Los acontecimientos que narro a continuación constituyen la experiencia más extraordinaria de mi vida. Sé con absoluta certeza que muchos no me creerán, otros me tomarán por loco, pero como alguien dijo alguna vez, la realidad supera a la ficción.
En aquel tiempo yo había conseguido mi primer trabajo como camarero en uno de los restaurantes más emblemáticos de la ciudad. Su interior, revestido con madera auténtica de diferentes especies y tonalidades, era cálido y muy acogedor. De los altos techos, sostenidos por delgadas columnas doradas ornamentadas con motivos que recordaban a otra época, colgaban diversas plantas que proporcionaban un ambiente salvaje al recinto. La decoración contaba con espejos, cuadros, velas… y una litografía de aspecto antiguo que llamó mi atención. El encargado me explicó animadamente que en el centro de aquella imagen, acompañado por decenas de personas, se encontraba el chef fundador del restaurante, ya fallecido. Debo reconocer que el grabado litográfico me inquietó durante varios días pues todas aquellas personas tenían la mirada perdida, los rostros completamente inexpresivos, pero la rutina hizo que me acostumbrara a su siniestra presencia hasta olvidarlo casi por completo.

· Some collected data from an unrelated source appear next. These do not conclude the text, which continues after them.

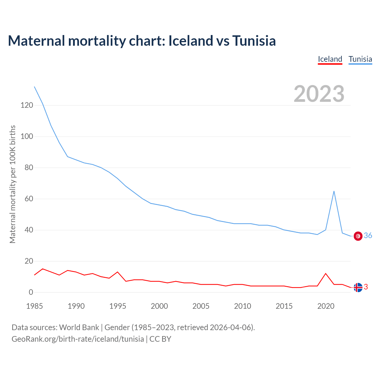 The maternal mortality rate, which is the probability of dying during childbirth or within 42 days of pregnancy termination, is 3 deaths per 100,000 live births in Iceland, compared to 36 deaths in Tunisia.
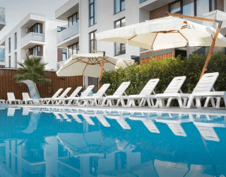На закрытой территории для всех гостей апарт-отеля расположены 2 открытых бассейна с подогревом 30-32 °C., 2 безопасные детские площадки, открытая спортивная площадка и стол для пинг-понга, автопарковка. Гостям доступна ежедневная уборка комплекса, услуги прачечной и индивидуальная сеть Wi-Fi.
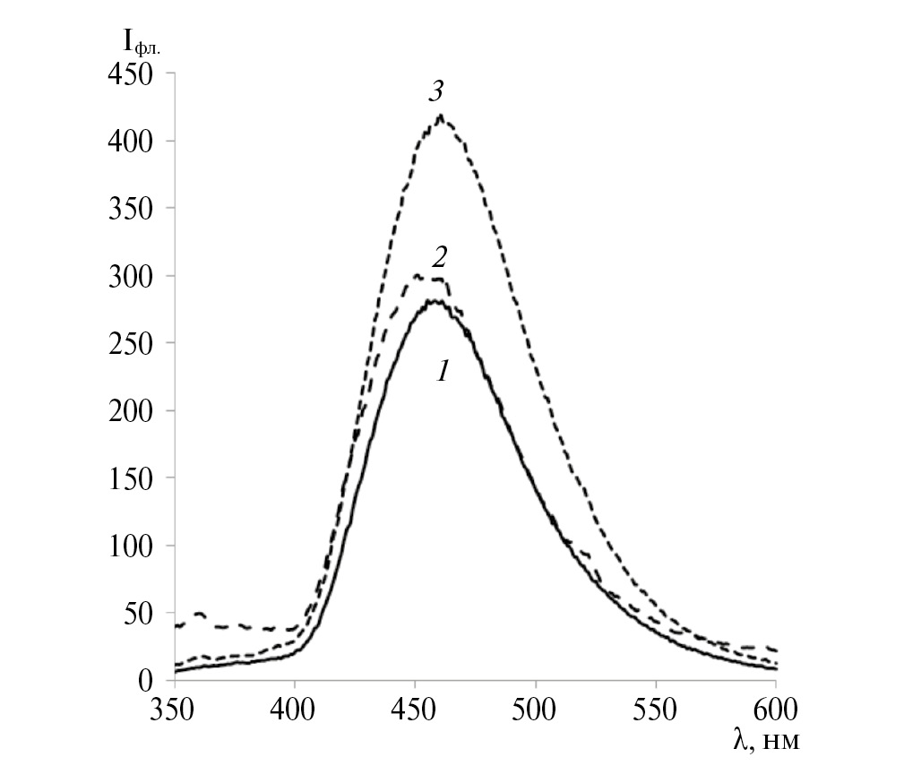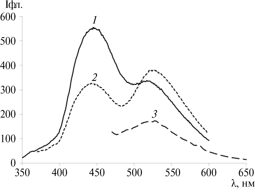 Рис. 2. Спектры люминесценции диады I в пленке МЭГ при длине волн возбуждения 330 (1), 350 (2) и 430 нм (3)
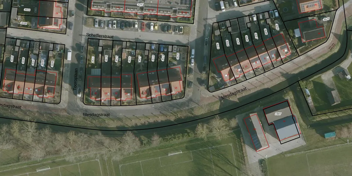 Gebruik de zoekbalk of klik op een perceel voor informatie over de adressen binnen dit perceel.
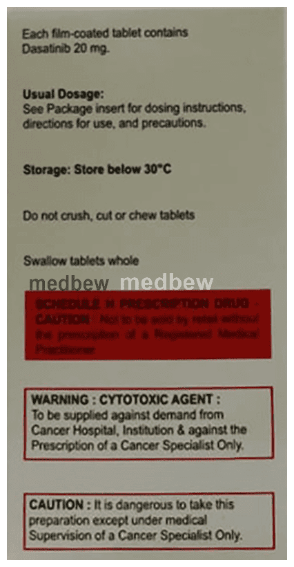 Dasashil 20mg Tablet is an anti-cancer medication. It works by blocking the action of the abnormal protein that signals cancer cells to multiply. This helps to stop or slow the spread of cancer cells.
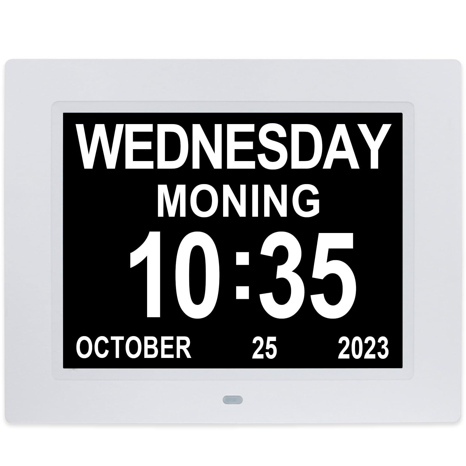 - DAY CLOCK FOR SENIOR CARE: 8 inch digital day calendar clock non-Abbreviated spells out the full DAY of the WEEK, MONTH and DATE in large; you can see the day date time clock hanging on the wall at the door of the room.
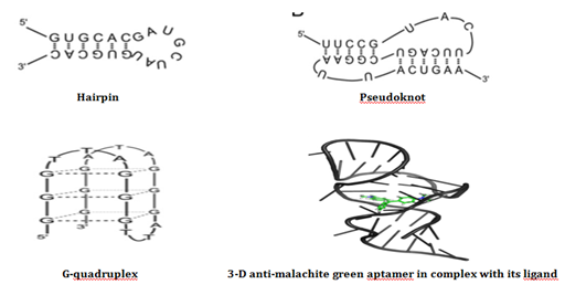Aptamers are single-stranded nucleic acids with defined tertiary structures which selectively bind to target molecules. Aptamers also possess ability to bind a complementary DNA sequence to form a duplex structure. The Duplex is formed between a fluorophore labelled DNA aptamers and a small oligonucleotide which is modified with a quenching moiety (denoted QDNA). When the target is absent, the aptamers bind to QDNA, then after it brings the fluorophore and the quencher into close proximity for maximum fluorescence quenching. When the target is introduced, the aptamers prefer to form the aptamer-target complex. The switching of the binding partners for the aptamers occurs in conjunction with the generation of a strong fluorescence signal owing to the dissociation of QDNA. Aptamers are capable to form stable three-dimensional structures in aqueous solution. Single-stranded oligonucleotides follow the same rule of complementarity of nucleic acid bases as do double-stranded molecules, thus it is relatively simple to predict their secondary structure. Different types of secondary motifs of Aptamers are (a) Hairpin (b) Pseudoknot (c) G-quadruplex (d) Three-dimensional representation of an anti-malachite green aptamer in complex with its ligand. The process of folding structures in the solution and the ligand-induced conformational changes were studied to be strongly dependent in the presence of divalent cations. Structures can be experimentally determined by crystallography.5 or Nuclear Magnetic Resonance (NMR) spectroscopy (Figure-1).
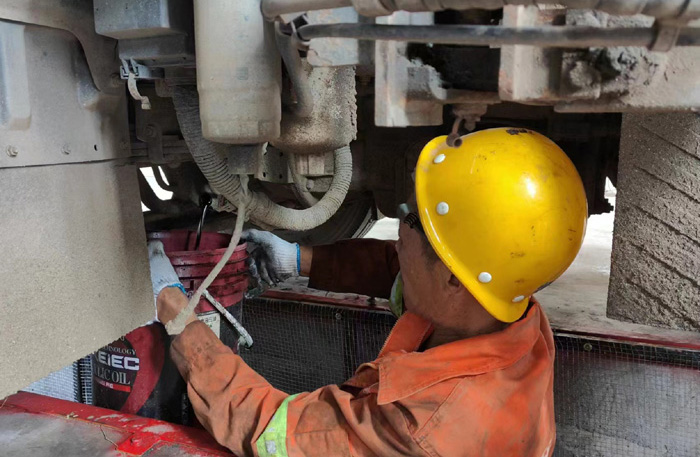? ? ? ?入夏以來,保養(yǎng)和維修的環(huán)衛(wèi)車輛較平時都有所增加,給維修班組增加了不小的壓力,大家整天都處于“戰(zhàn)斗”狀態(tài)。高峰時期,一天進車間維修保養(yǎng)的大、小車輛達8臺。在一處維修現場,班長丁寶清與維修工陳寬軍正在貓著腰,歪著頭,對清掃車油濾部件進行檢修、更換,高溫天氣,維修車輛對工人身體素質確實是一種嚴峻的考驗,不一會兒,丁寶清額頭上冒出的汗珠沿著臉頰、下巴往下滴,他抹了抹,手上油漬和污垢在臉上留下了一道道黑痕,他們用實際行動詮釋著愛崗敬業(yè)的真諦。經過1個多小時的兩人默契配合,順利完成此次保養(yǎng)任務。休息片刻,又投入到新一輪的車輛檢修中 。

Y después de varias semanas, ocurrió. Aquella noche, con el restaurante abarrotado, un hombre ataviado con un sobrio traje blanco y una mujer envuelta en un delicado vestido turquesa formaban una pareja que destacaba sobre el resto por su elegancia y buena sintonía. Pero de pronto el terror se desencadenó en la velada cuando la mujer empuñó coléricamente un cuchillo que hendió el aire hasta rebanar la garganta del hombre con un tajo profundo aunque apenas visible desde la distancia de no ser por la sangre que comenzó a brotar furiosa de la herida. Con gran rapidez, el hombre se puso en pie llevándose las manos al cuello en un desesperado intento por aferrarse a la vida, como si sus manos poseyeran el secreto de la mágica curación. Unos segundos después su organismo colapsó y, tras un espasmo estremecedor, su cuerpo se desplomó inerte en la silla con tal fuerza que su cuello se partió y su cabeza quedó descolgada sobre el respaldo. Acto seguido y con los ojos empañados en lágrimas, la mujer hundió el cuchillo en su vientre, donde (ella no lo sabía) la semilla de una nueva vida había empezado a germinar, hasta morir desangrada lenta y dolorosamente.
La investigación concluyó que el asesinato fue un acto de venganza motivado por deslealtades amorosas, pero yo tenía el profundo convencimiento de que una fuerza sobrenatural había intervenido apoderándose de aquella mujer. Pasados unos días lo comprendí. Estaba limpiando la vitrina de los licores tras la barra del restaurante cuando reparé de nuevo en la litografía. Parecía la misma, pero si uno observaba con detenimiento algo había cambiado. Entre toda aquella gente con semblante inexpresivo había dos caras nuevas: el hombre del traje blanco y la mujer del vestido turquesa; y en el centro el chef fundador que ahora lucía una enfermiza mueca triunfal en su rostro.